WILMINGTON — The Cape Fear Public Utility Authority is planning to issue at least $43 million in bonds to fund the construction of major upgrades at the Sweeney Water Treatment Plant; depending on when the utility issues those bonds, the total amount could be as high as $45 million.
The plant upgrades, designed to filter out GenX and other PFAS, are projected to come online in 2022, with a 34-year operating lifespan. The lifetime cost of the project is projected to be around $215 million.
CFPUA has said the rate increase necessary to repay the bonds – plus the roughly $3 million annual operating cost of the plant upgrades – will be around $5 monthly for an average customer (obviously, larger households, as well as commercial and industrial customers, could pay more based on water usage). When that rate increase takes place depends in part on how the bond process proceeds.
During a presentation made to the Cape Fear Public Utility Authority (CFPUA) board this week, Chief Financial Officer John McLean said the current timeline will see bonds sold by mid-October of this year.
CFPUA plans to meet with the Local Government Commission (the organization created by the state to oversee borrowing by local governments and government utilities) in Raleigh on August 27 to go over CFPUA’s feasibility study for the construction project, as well as the utility’s preliminary statement.
On September 4, the Finance Committee will discuss the issue followed by a meeting of CFPUA’s board on September 11, when board members will vote both to award the construction contract and the bond order.
Assuming the board approves the project – and the bond – CFPUA will have to determine the rating for a bond.

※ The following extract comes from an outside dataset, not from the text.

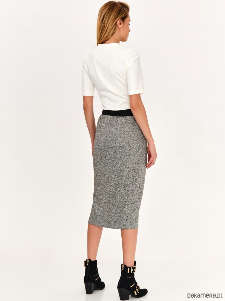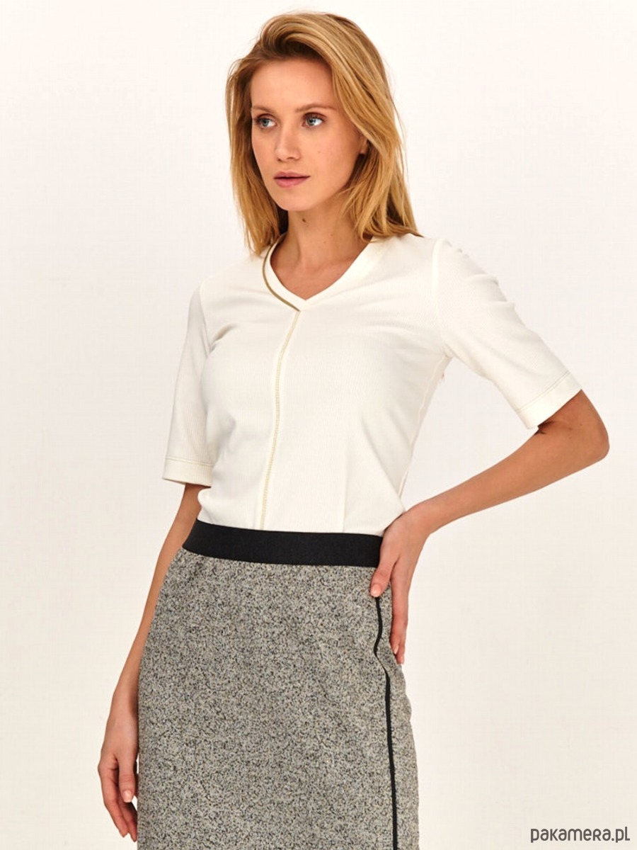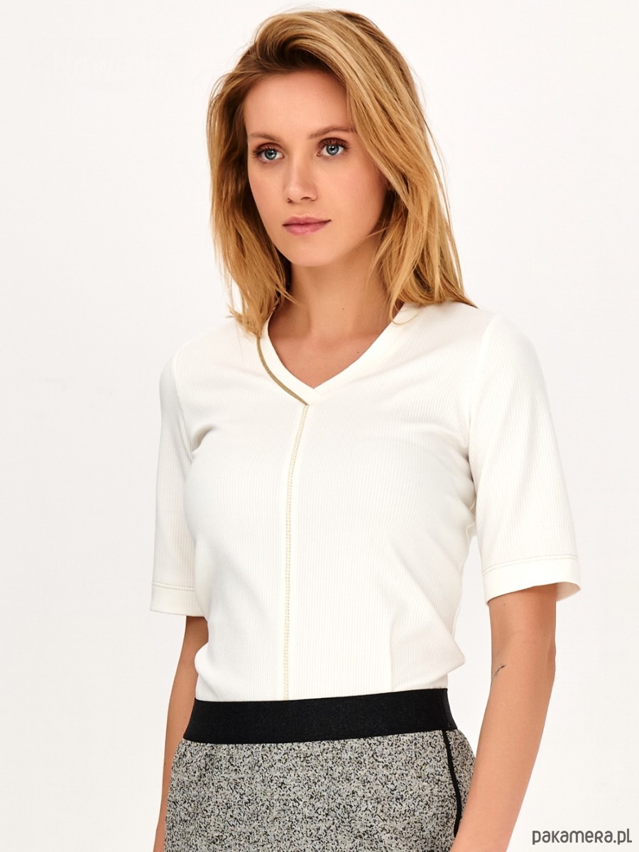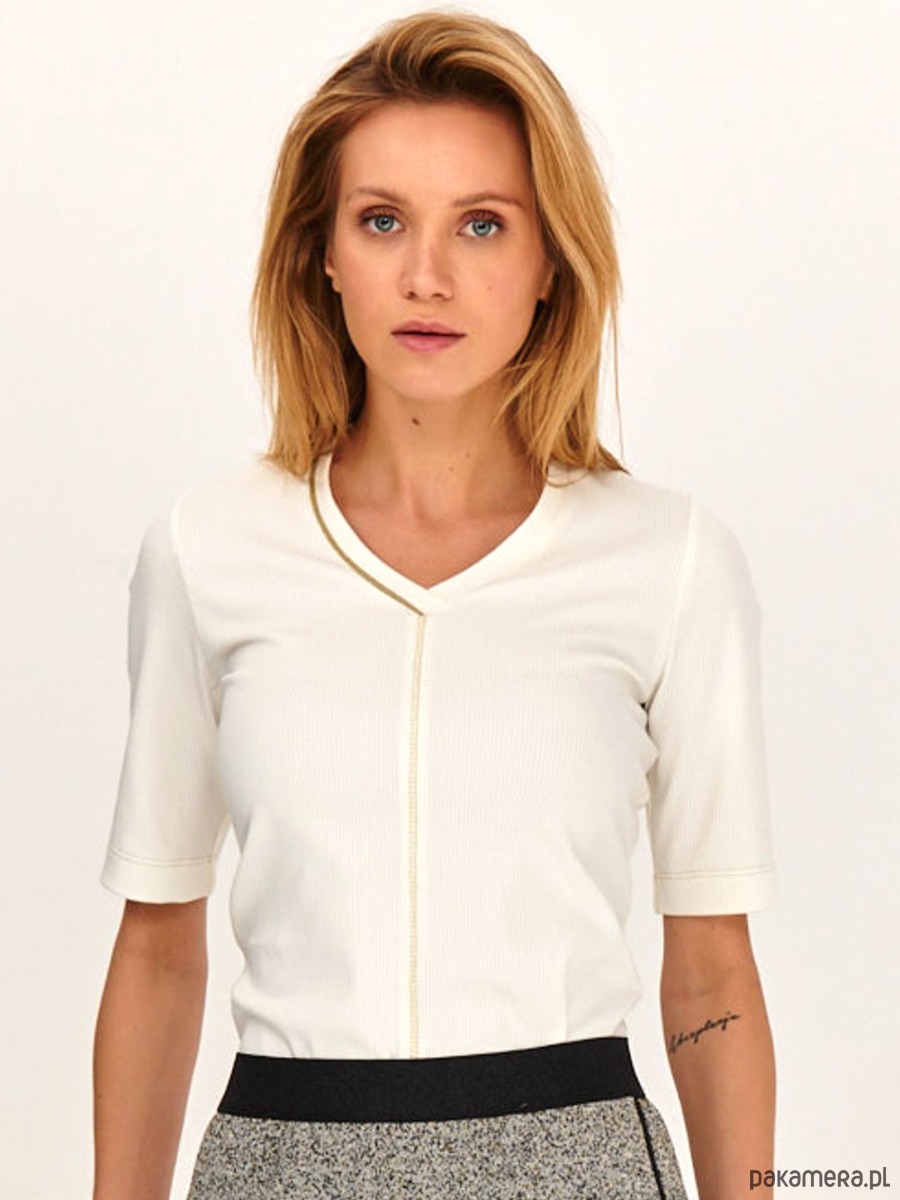 Koszulka - t-shirt ze strukturalnej i mięsistej dzianiny. Dzianina typu ściągacz - rib. Wysoki gatunek włókna wiskozowego. Dekolt w serek, ozdobiony złotą wypustką. Dodatkowo koszulka ma ozdobne przeszycia na przodzie, rownież w kolorze złota. Krotki rękaw.

On September 16 and 17, CFPUA staff will meet with Moody’s and Standard and Poor’s, two of the ‘big three’ credit rating companies. CFPUA would then expect approval of the bond issuance from the LGC on October 1 and would price and sell the bonds starting Oct 17.
Also at the September 11 meeting, CFPUA will likely decide whether or not to defer the debt service on the project for a year, according to McLean.
Essentially, the decision to defer means whether to enact the rate increases in October, or not until the upgraded plant facilities comes online — expected in 2022.
According to CFPUA spokesperson Vaughn Hagerty, CFPUA has been “looking at how the impact on customers’ bills might be deferred until the plant becomes operational in 2022. The $43 million is what we would need to borrow if the rate increase occurred when the bonds are sold. The $45 million is what we would need to borrow to put off a rate increase until the plant comes online. The difference represents the payments that will be due to bondholders between the time we issue the bonds and when customers see increases in their bills to begin covering those bond payments.”